This introduction serves as an invitation to join in an on-going journey of discovery. You will not need to buy tickets nor make travel plans. All that's required is your Bible and a quiet place to read and meditate. Together we'll explore the Book of Psalms, Israel’s hymnal and longest collection of poetry.  

Psalm 84:1-7

Rejoicing in Gods Presence

(H) For the director of the choir, according to Gittith, of the sons of Korah, a psalm. (1) How lovely (is) your tabernacle, Yahweh of Hosts! (2) My soul yearns, indeed faints for the courts of Yahweh. My heart and my flesh cry out for the living God. (3) Even the sparrow finds a home and the swallow a nest for herself where she can lay her young at your altars, Yahweh of Hosts, my king and my God. (4) Blessed are those who dwell in your house! They are ever praising you. (Selah) (5) Blessed is the man whose strength is in you, in whose heart (are) the highways (to Zion)! (6) As they go through the Valley of Baca, they make it a place of springs. The early rains also cover it with pools. (7) They go from strength to strength. (Each one) appears before God in Zion.

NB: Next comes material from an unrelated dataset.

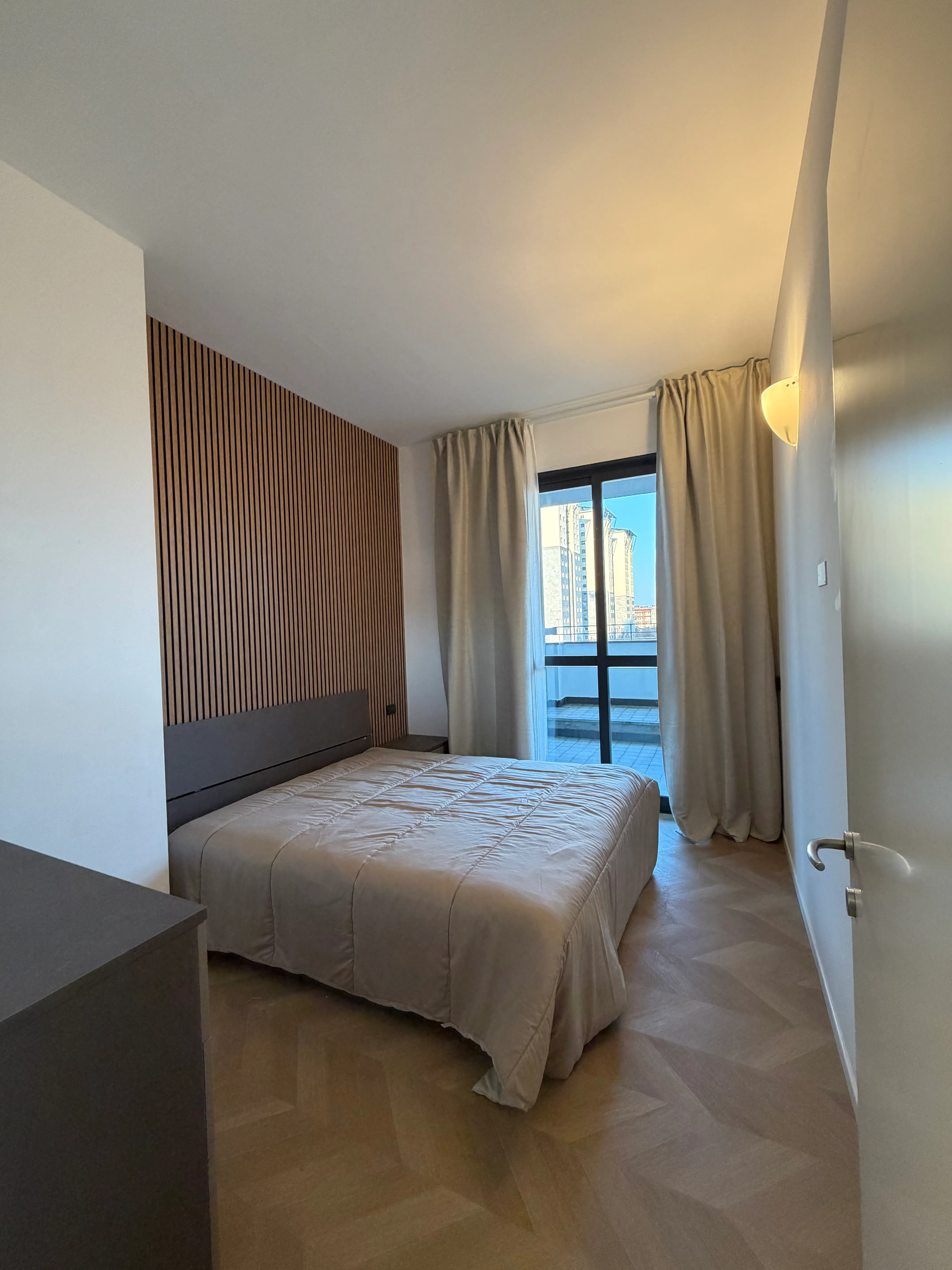 Splendido Bilocale appena ristrutturato, vicino a tutti i negozi di prima necessità, al piano 3. composto da ingresso, living con cucina a vista completa di tutto, smart tv Led, disimpegno, stanza matrimoniale finemente arredata, grande bagno completo, terrazzo al piano di circa 20 mq godibile e illuminato, parcheggio auto all'interno privato tramite garage. Vicino alla fermata del tram n.4 e a 350 metri dalla fermata della metropolitana M4 Frattini (metro blu), che porta in centro storico in 8 fermate e collega l'aeroporto di Linate (cityairport)...

The opening verses contains several important names for God: “Yahweh of Hosts” (vss. 1 & 3), “Yahweh” and “living God” (vs. 2), and “my king and my God” (vs. 3). This is one of several pilgrimage psalms found in the psalter. These verses focus on the goal of that pilgrimage in Zion, the tabernacle of Yahweh (vs. 1), also called “the courts of Yahweh” (vs. 2), “your altars” (vs. 3), and “your house” (vs. 4).

The psalmist expresses the pilgrim’s deep longing to reach his destination with three verbal synonyms: “yearns...faints...cry out” (vs. 2). So welcoming and delightful is God’s sanctuary that wild birds, both sparrow and swallow, build their nests there (vs. 3). The sons of Korah also describe the delights awaiting pilgrims when they arrive in God’s presence (vs. 4) as well as the blessings experienced by pilgrims along the way as they journey toward their goal (vss. 5-7).

I.  Aching for God’s dwelling place  (1-3)
II.  Anticipating the joy of spending time in God’s presence  (4)
III.  Along the way while on pilgrimage  (5-7)

The anticipation of rejoicing in God’s presence sustains pilgrims through the rigors of their long journey to Zion.

God required the nation of Israel to observe three annual festivals: the Feast of Unleavened Bread at Passover in the early spring, the Feast of Pentecost at the ingathering of the first fruits of the harvest at the beginning of the summer season, and the Feast of Tabernacles during the fall harvest (Ex. 23:14-17). Pilgrims were expected to travel to Jerusalem and gather at the temple in Zion, journeying from every corner of the nation, to celebrate God’s goodness and protection and to rejoice in worshiping at his sanctuary.

While New Testament believers are not commanded to make such regular pilgrimages, we long for the day when our earthly sojourn will be over. Then together we will gather in the heavenly realms to worship in God’s presence in the New Jerusalem. Eliza Hewitt phrased it this way in her Gospel hymn, When We All Get to Heaven: “What a day of rejoicing it will be when we all see Jesus!” Today, whatever our circumstances, we find sustaining grace on our pilgrim way knowing that we will soon be together with the Lord.